◆ **Work to complete**:
For the records below, output word for word the lines from the one with "Hrací deka s" up to and including the one with "Characters from the". No pictures.

◆ **Given data**:
BEGIN

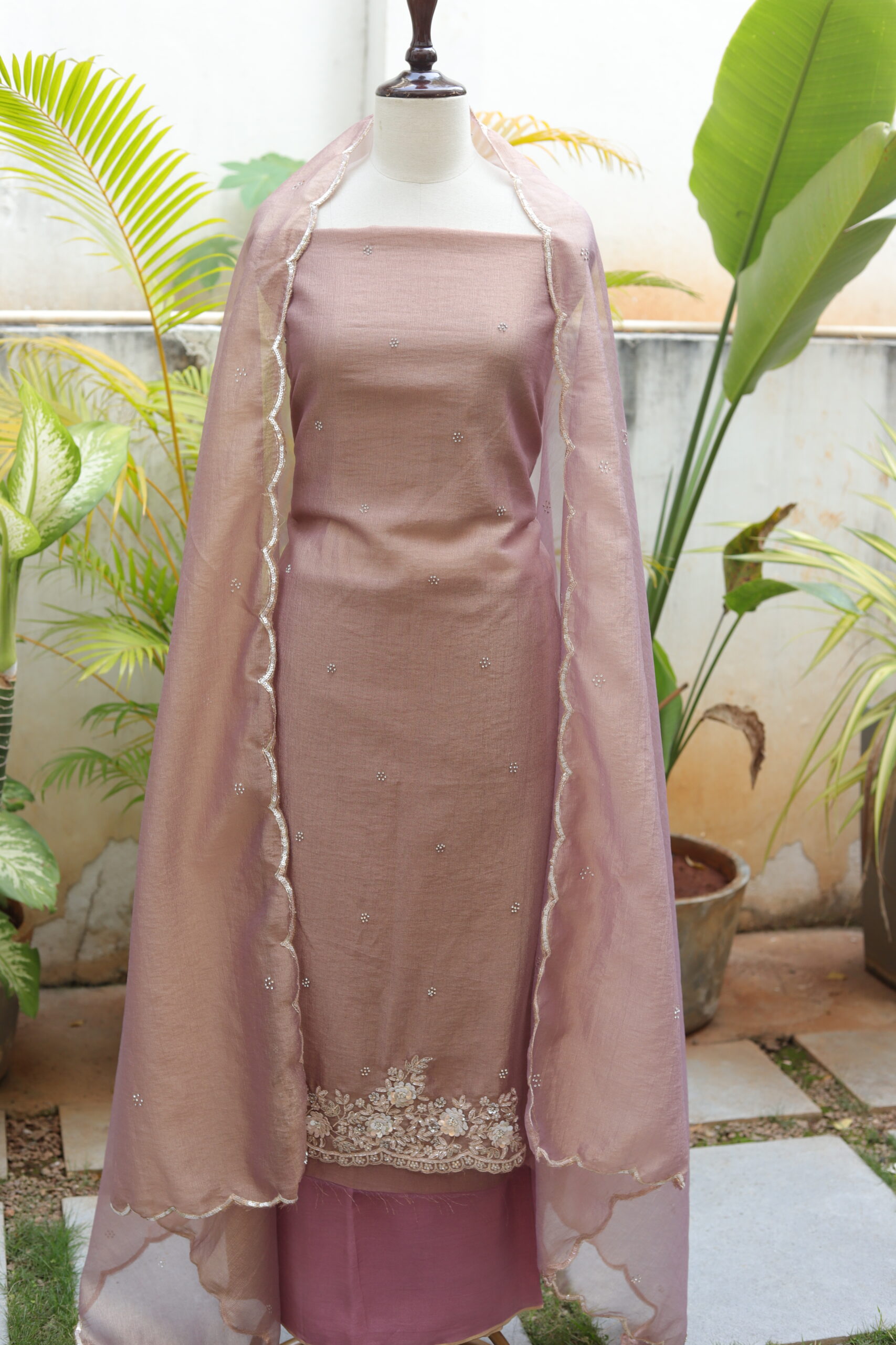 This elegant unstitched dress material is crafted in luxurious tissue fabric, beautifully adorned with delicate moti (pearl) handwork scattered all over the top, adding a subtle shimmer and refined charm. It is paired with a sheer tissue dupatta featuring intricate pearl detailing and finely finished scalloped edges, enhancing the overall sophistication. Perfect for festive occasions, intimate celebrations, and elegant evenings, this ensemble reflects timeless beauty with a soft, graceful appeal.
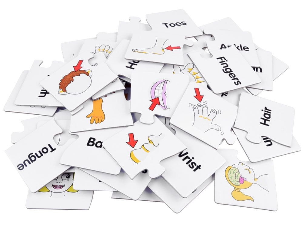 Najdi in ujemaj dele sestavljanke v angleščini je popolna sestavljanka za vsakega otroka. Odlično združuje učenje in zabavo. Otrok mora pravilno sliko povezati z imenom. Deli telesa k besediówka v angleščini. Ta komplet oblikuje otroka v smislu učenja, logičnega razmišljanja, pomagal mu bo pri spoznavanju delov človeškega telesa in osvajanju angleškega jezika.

END
BEGIN

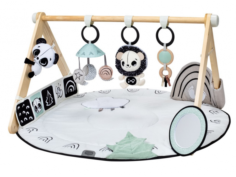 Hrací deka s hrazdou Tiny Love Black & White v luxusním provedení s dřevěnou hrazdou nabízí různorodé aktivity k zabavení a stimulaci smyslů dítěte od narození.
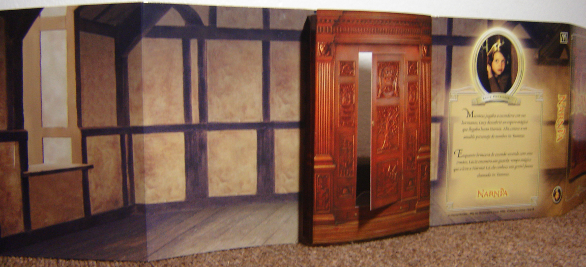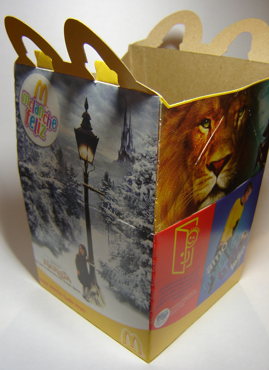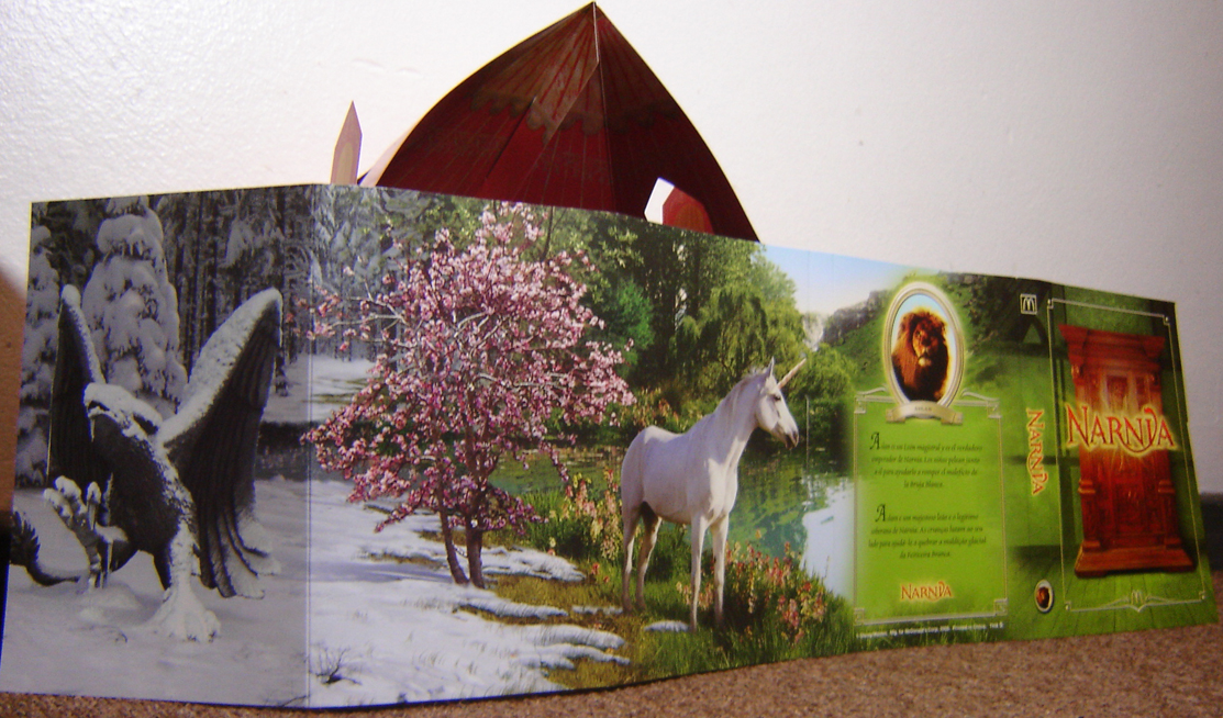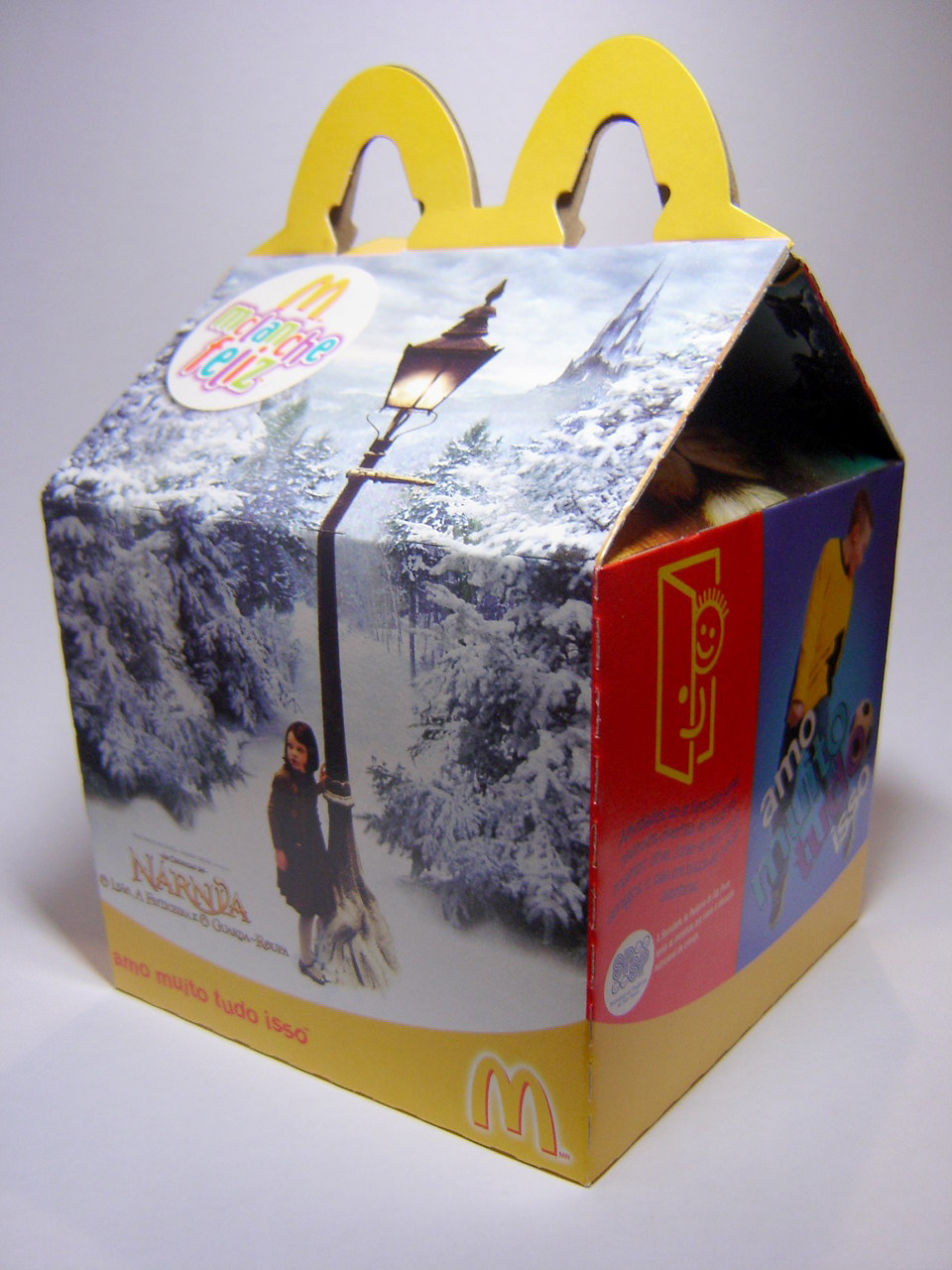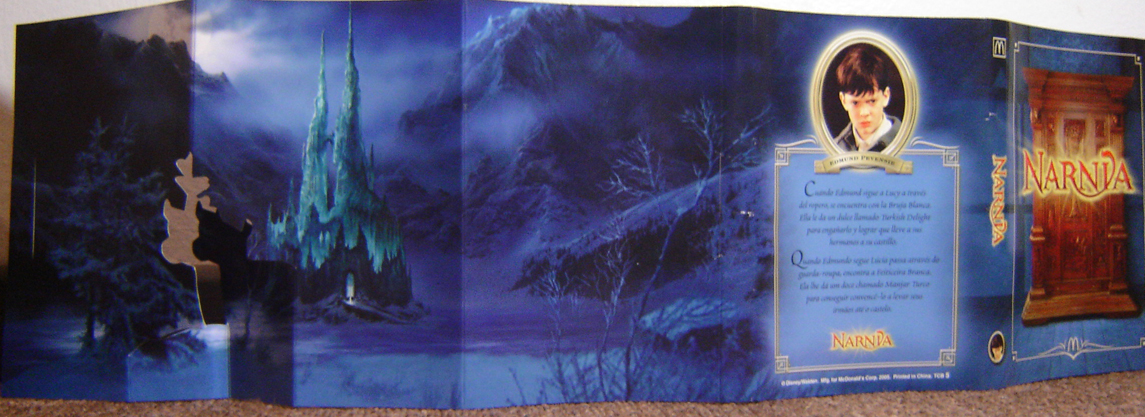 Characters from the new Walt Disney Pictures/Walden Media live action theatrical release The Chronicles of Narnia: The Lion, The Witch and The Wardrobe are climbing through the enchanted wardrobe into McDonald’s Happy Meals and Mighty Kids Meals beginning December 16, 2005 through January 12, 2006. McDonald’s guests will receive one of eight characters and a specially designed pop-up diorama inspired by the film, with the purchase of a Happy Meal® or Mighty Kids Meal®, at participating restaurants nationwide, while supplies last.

END
BEGIN

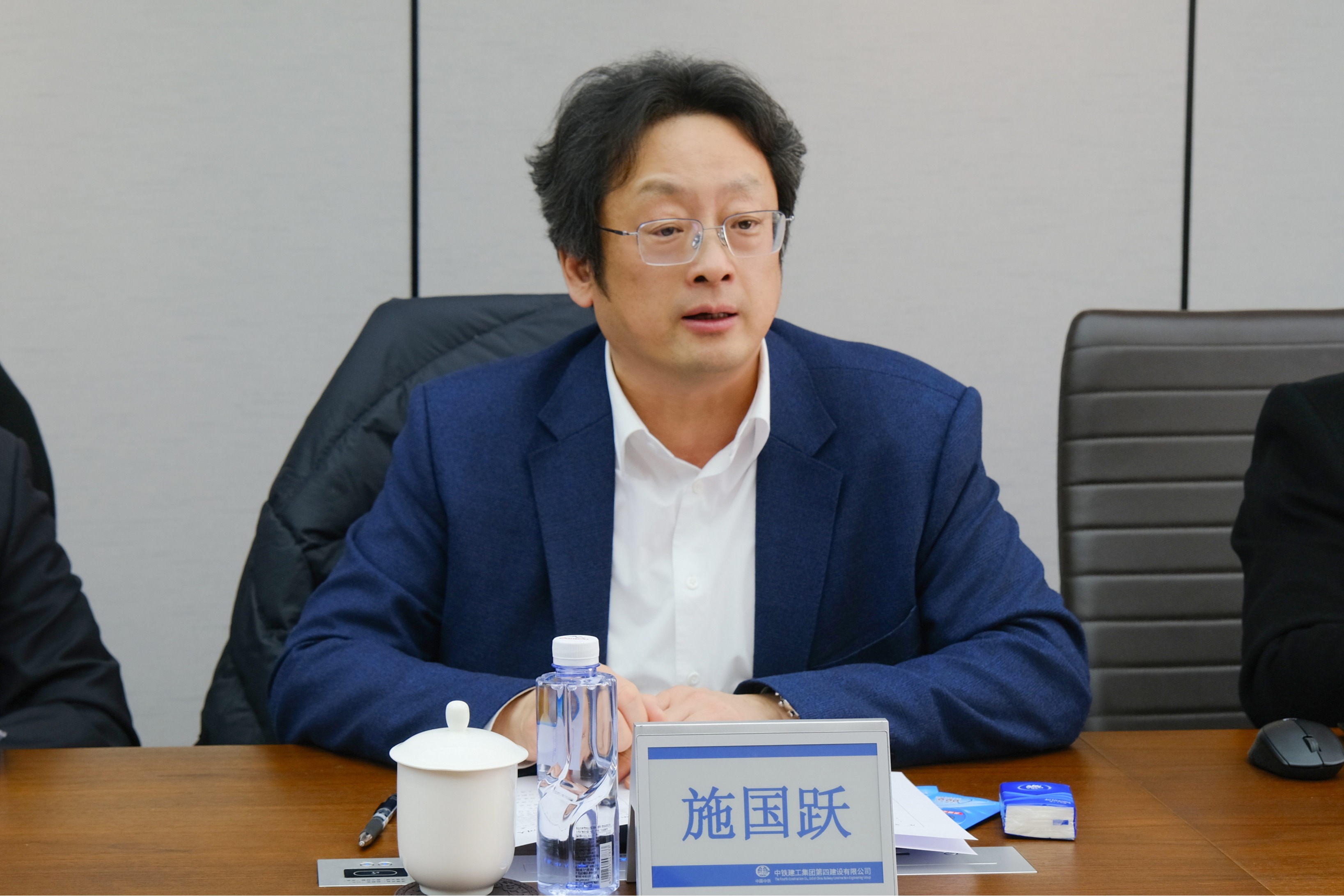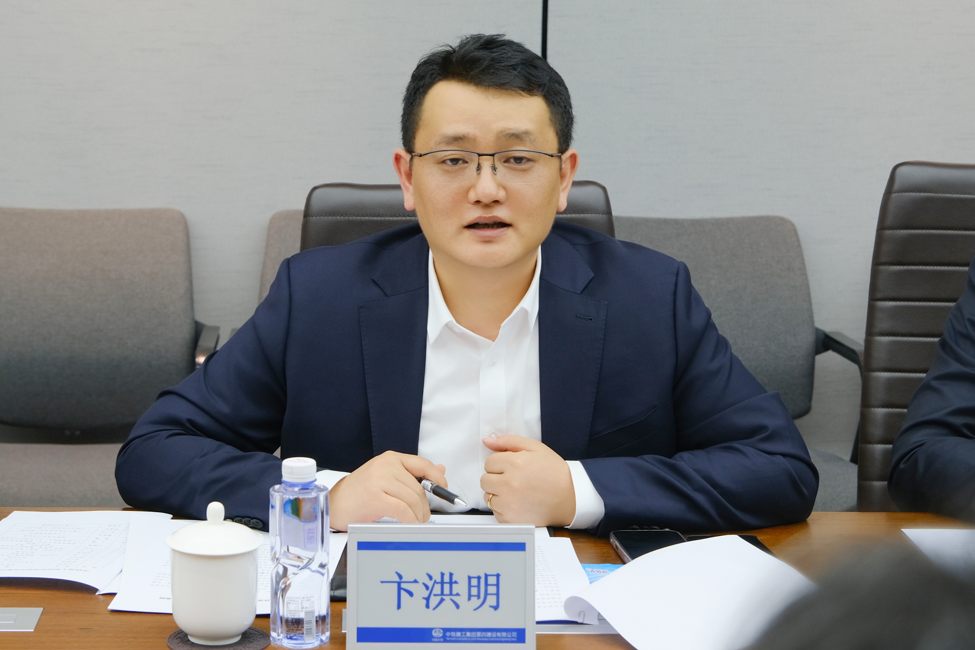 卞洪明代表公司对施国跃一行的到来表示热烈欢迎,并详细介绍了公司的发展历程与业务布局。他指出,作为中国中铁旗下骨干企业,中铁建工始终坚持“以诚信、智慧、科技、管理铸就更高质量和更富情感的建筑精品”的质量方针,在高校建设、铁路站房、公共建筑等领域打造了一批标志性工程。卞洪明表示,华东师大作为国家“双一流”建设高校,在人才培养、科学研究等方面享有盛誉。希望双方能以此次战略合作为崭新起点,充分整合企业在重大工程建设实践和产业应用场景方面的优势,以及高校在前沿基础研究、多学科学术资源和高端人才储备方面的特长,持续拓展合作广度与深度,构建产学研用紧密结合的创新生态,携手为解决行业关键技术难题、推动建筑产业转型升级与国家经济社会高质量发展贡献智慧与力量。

END

◆ **Expected answer**:
 Hrací deka s hrazdou Tiny Love Black & White v luxusním provedení s dřevěnou hrazdou nabízí různorodé aktivity k zabavení a stimulaci smyslů dítěte od narození.
 Characters from the new Walt Disney Pictures/Walden Media live action theatrical release The Chronicles of Narnia: The Lion, The Witch and The Wardrobe are climbing through the enchanted wardrobe into McDonald’s Happy Meals and Mighty Kids Meals beginning December 16, 2005 through January 12, 2006. McDonald’s guests will receive one of eight characters and a specially designed pop-up diorama inspired by the film, with the purchase of a Happy Meal® or Mighty Kids Meal®, at participating restaurants nationwide, while supplies last.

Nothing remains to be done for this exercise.